* _Problem to solve_
Among the records below, find the line with "Комплект ювелирная бижутерия" and the line with "集合竞价是股市在每个交易日开". Set down both and every line between, exactly and with no pictures, but nothing else.

* _Source information_
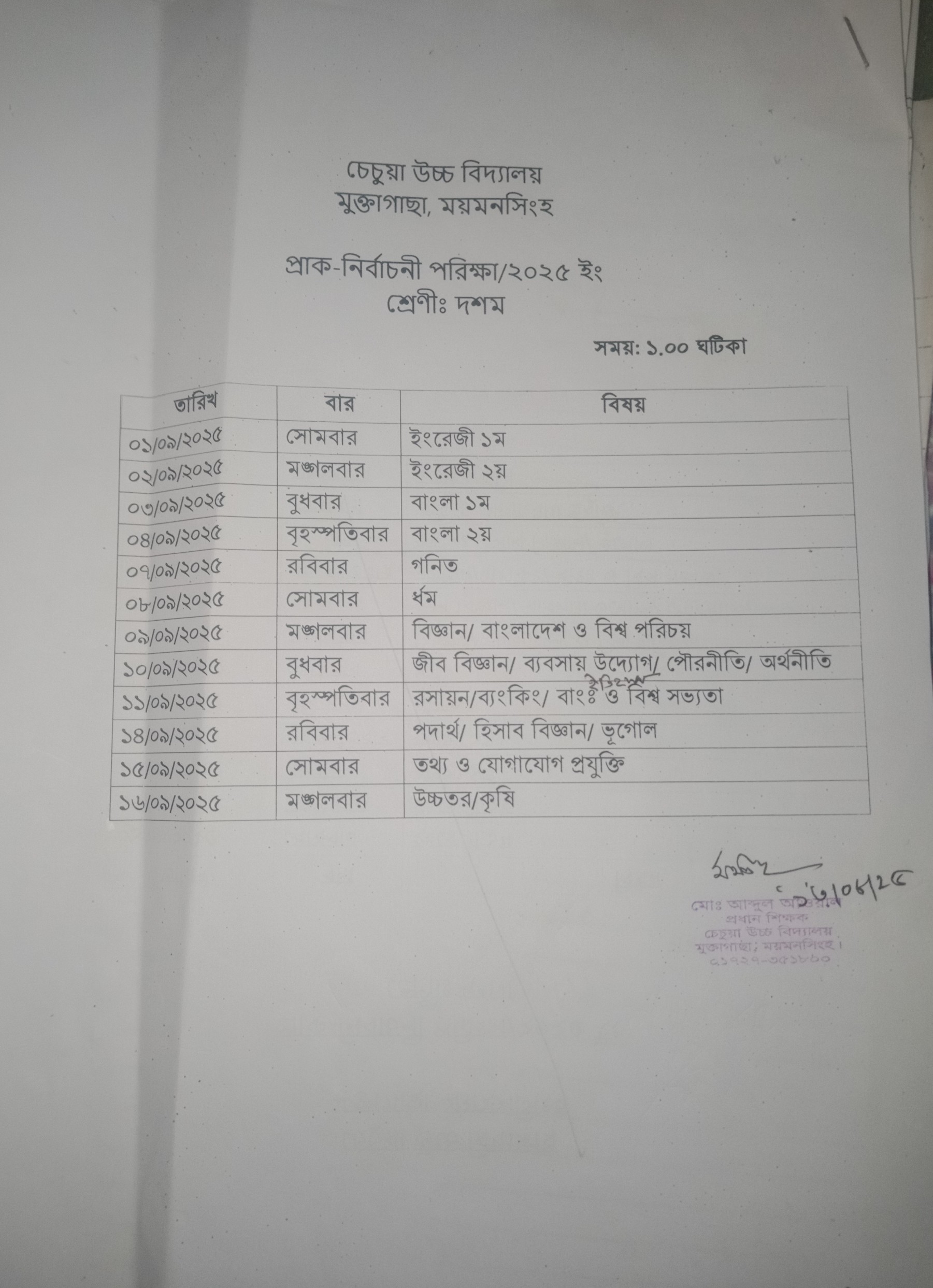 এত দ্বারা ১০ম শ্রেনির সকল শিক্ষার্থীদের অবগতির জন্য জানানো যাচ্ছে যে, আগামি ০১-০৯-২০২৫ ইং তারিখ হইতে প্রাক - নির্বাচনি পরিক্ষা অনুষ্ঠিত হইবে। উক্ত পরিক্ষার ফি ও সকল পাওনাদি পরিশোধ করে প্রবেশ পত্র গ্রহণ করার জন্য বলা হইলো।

* * *

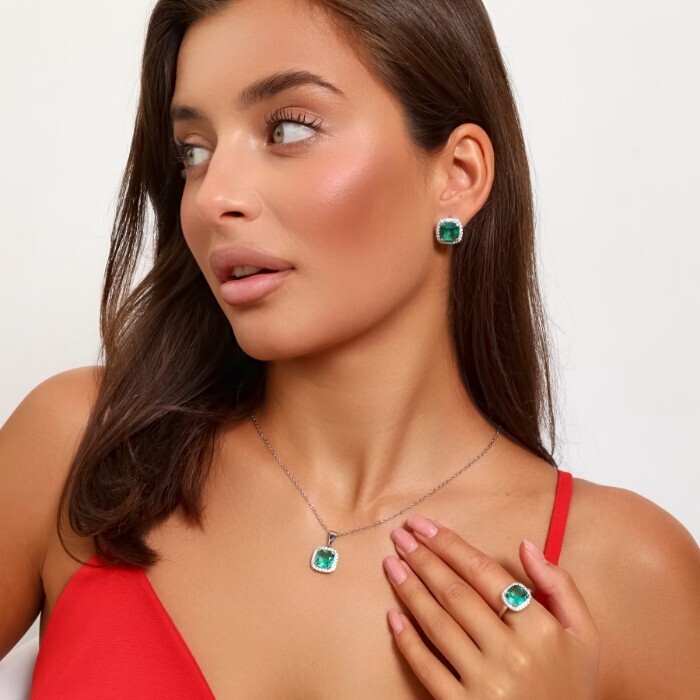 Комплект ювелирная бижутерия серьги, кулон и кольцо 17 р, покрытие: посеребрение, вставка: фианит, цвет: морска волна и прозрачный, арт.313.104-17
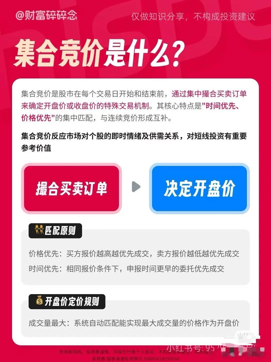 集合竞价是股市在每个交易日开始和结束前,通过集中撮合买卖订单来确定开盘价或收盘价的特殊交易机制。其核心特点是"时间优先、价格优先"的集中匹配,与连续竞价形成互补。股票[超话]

* _Result_
 Комплект ювелирная бижутерия серьги, кулон и кольцо 17 р, покрытие: посеребрение, вставка: фианит, цвет: морска волна и прозрачный, арт.313.104-17
 集合竞价是股市在每个交易日开始和结束前,通过集中撮合买卖订单来确定开盘价或收盘价的特殊交易机制。其核心特点是"时间优先、价格优先"的集中匹配,与连续竞价形成互补。股票[超话]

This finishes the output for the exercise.